▸ **DATA SECTION**:
+++

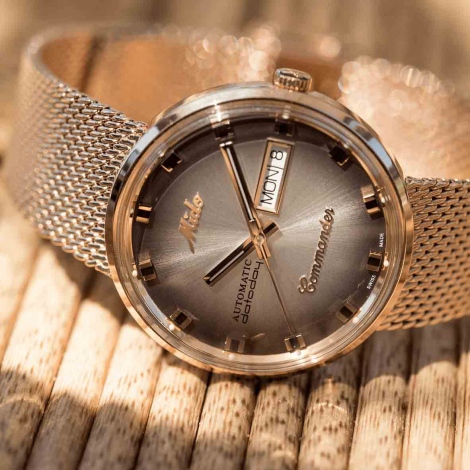 Le bracelet intégré et le logo MIDO vintage sont caractéristiques de ce modèle iconique ainsi que le boîtier monocoque qui renferme un mouvement automatique.
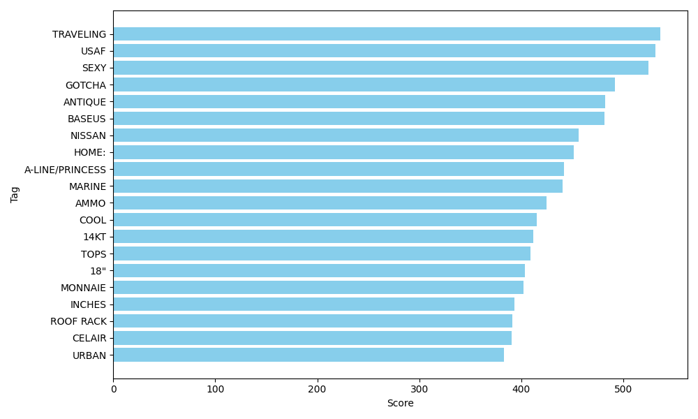 The Elo-inspired model favours tags that consistently appear earlier in product titles when paired with others. Here are the current top contenders.
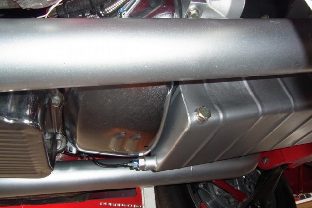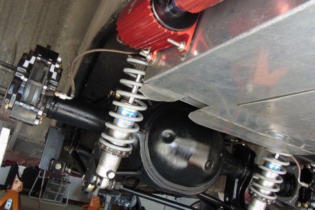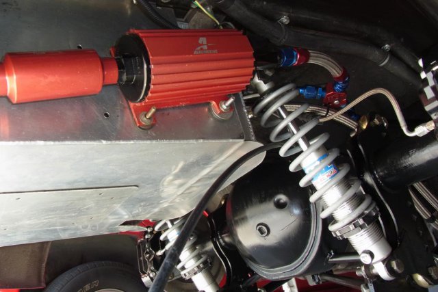 Two Aeromotive A 1000, #11101, fuel pumps have their AN-10 outlet fuel lines joined by a Y to a single AN-10 fuel line. This line connects to an Aeromotive A 2000, #13202, Bypass Fuel Pressure Regulator. An Aeromotive,#15107, One-Way AN-10 check valve prevents reverse fuel flow through the inactive fuel pump when only one pump is running for street driving. However, both pumps are activated during racing. Two Aeromotive, #12304, 100 Micron fuel filters are plumbed between the fuel cell and the pumps. The pics also show the Hal coilover shocks and 150 lbs. springs. The 9" Ford has been painted Rustoleum satin black with a brush. Brush streak marks add Character..... -

+++

Print every line of the data exactly. Pictures do not belong in the copy.

▸ **ANSWER BOX**:
 Le bracelet intégré et le logo MIDO vintage sont caractéristiques de ce modèle iconique ainsi que le boîtier monocoque qui renferme un mouvement automatique.
 The Elo-inspired model favours tags that consistently appear earlier in product titles when paired with others. Here are the current top contenders.
 Two Aeromotive A 1000, #11101, fuel pumps have their AN-10 outlet fuel lines joined by a Y to a single AN-10 fuel line. This line connects to an Aeromotive A 2000, #13202, Bypass Fuel Pressure Regulator. An Aeromotive,#15107, One-Way AN-10 check valve prevents reverse fuel flow through the inactive fuel pump when only one pump is running for street driving. However, both pumps are activated during racing. Two Aeromotive, #12304, 100 Micron fuel filters are plumbed between the fuel cell and the pumps. The pics also show the Hal coilover shocks and 150 lbs. springs. The 9" Ford has been painted Rustoleum satin black with a brush. Brush streak marks add Character..... -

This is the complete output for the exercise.